Perhaps a spell in the Kaikohe pandemic trench on the frontline taking the needle to the people would pop the Wellington bubble of hubris?
Undoubtedly our vaccine rollout will continue during and after Aucklanders travel north for the summer. Some will say there should not be an open border until 90 per cent of Northern Maori are jabbed. However, we should remember that a majority of our Northland community have been vaccinated.
We appreciate the difference between BC/before Covid and AD/after Delta. We also know we need to be able to work, earn income, support their families and keep the north solvent.
After November 29 we will need to drastically increase our focus on treating Covid patients.
As we recover our liberties, it is inevitable the virus will continue its spread.
We have spent too much time listening to elites falsely telling us we could eradicate this virus. Who actually knows what is the endgame?
Over the past few months, the Government seems to have lost its way with too many changes in direction.

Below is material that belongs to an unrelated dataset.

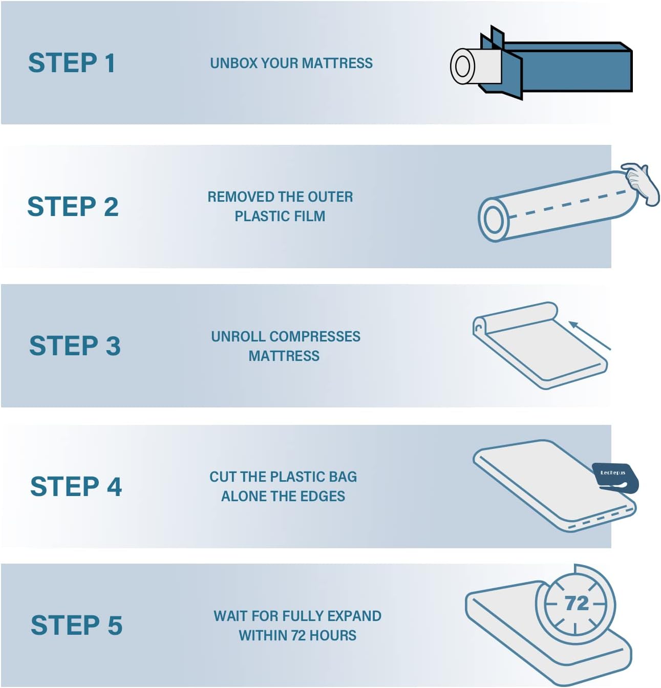 - [Easy Set&Mattress in Box] : Each of your mattress is compressed and boxed.When it is delivery to your home, you can easily move through narrow hallways and staircases by yourself.And our lechepus mattress fits all frames,such as box spring, floor, slatted base, flat platform or adjustable bed.Please wait 72 hours for mattress to fully expand.

There are now a host of Covid patients isolating at home. Apparently, the health bureaucracy did not know how many Covid patients were recovering at home. Oddly enough, the media did know and managed to identify more than a thousand additional patients.
These numbers will increase as the virus wends its way through our community.

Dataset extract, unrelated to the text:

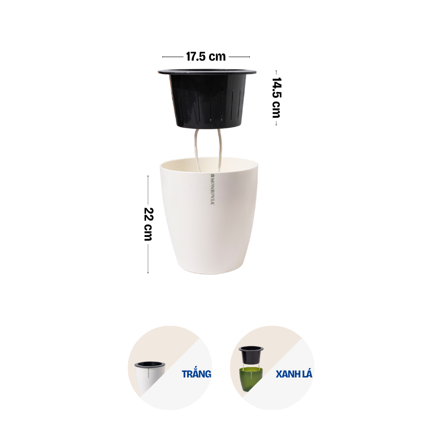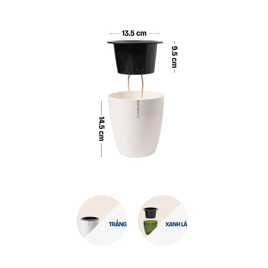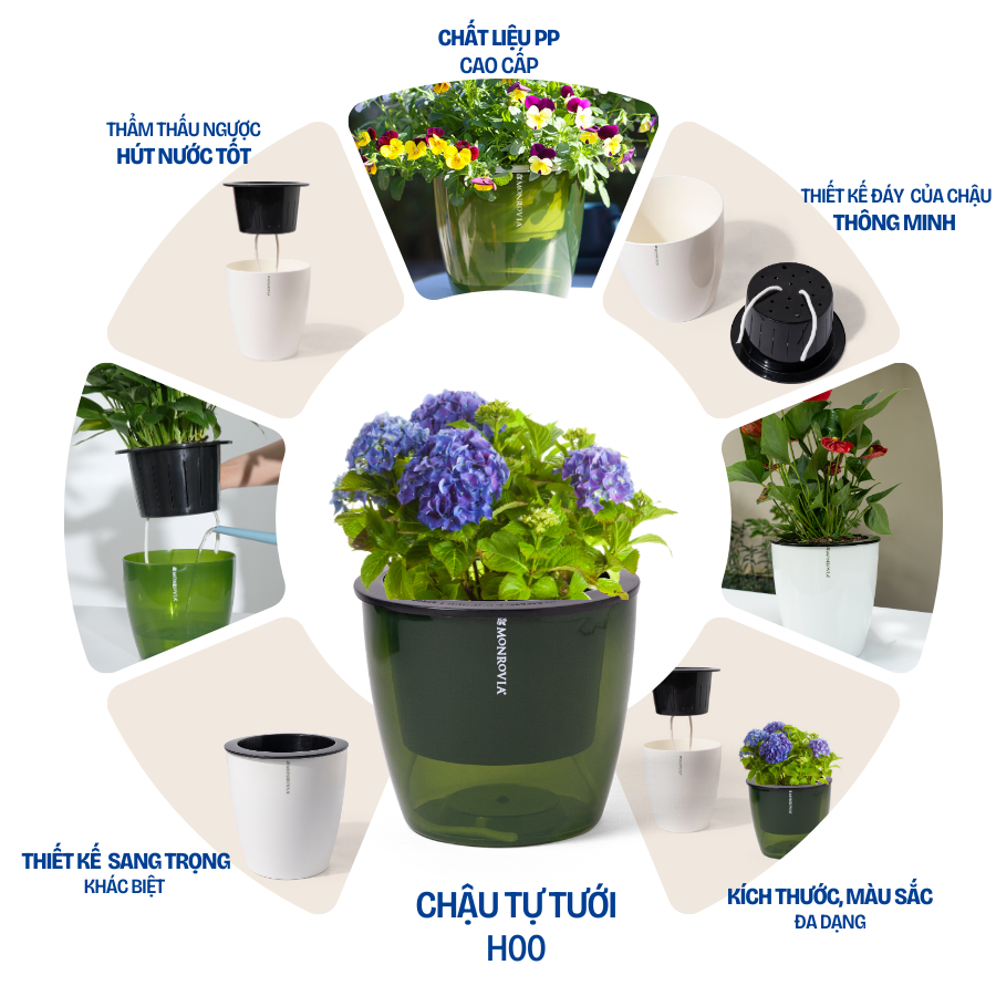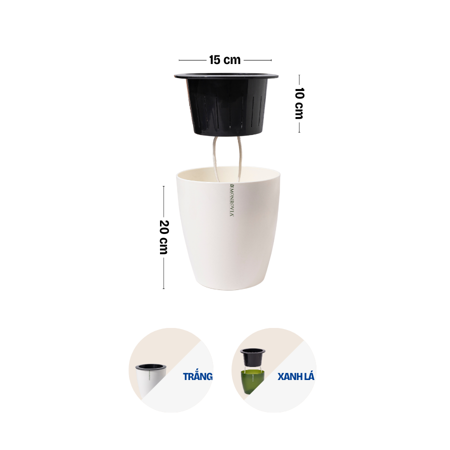 DOCNEEM XIN GIỚI THIỆU ĐẾN BẠN MÃ SẢN PHẨM - CHẬU TRỒNG CÂY TỰ TƯỚI THÔNG MINH MONROVIA H0 _ Chất liệu: PP cao cấp _ Cấu tạo: Chậu bao gồm hai lớp chậu *

For those in our Tai Tokerau iwi who choose not to vaccinate and subsequently end up with Covid, such are the consequences in a pandemic.
Māori communities have always looked after their own and don't need to be permanently cast as "vulnerable". This thinking feeds a victim mentality.
The best shot at avoiding becoming a Covid victim is to get vaccinated, observe basic health rules, rebuild our economy and continue to enjoy the freedoms of our Northern birthright.
• Shane Jones is a former NZ First MP and was the first Minister for Regional Economic Development.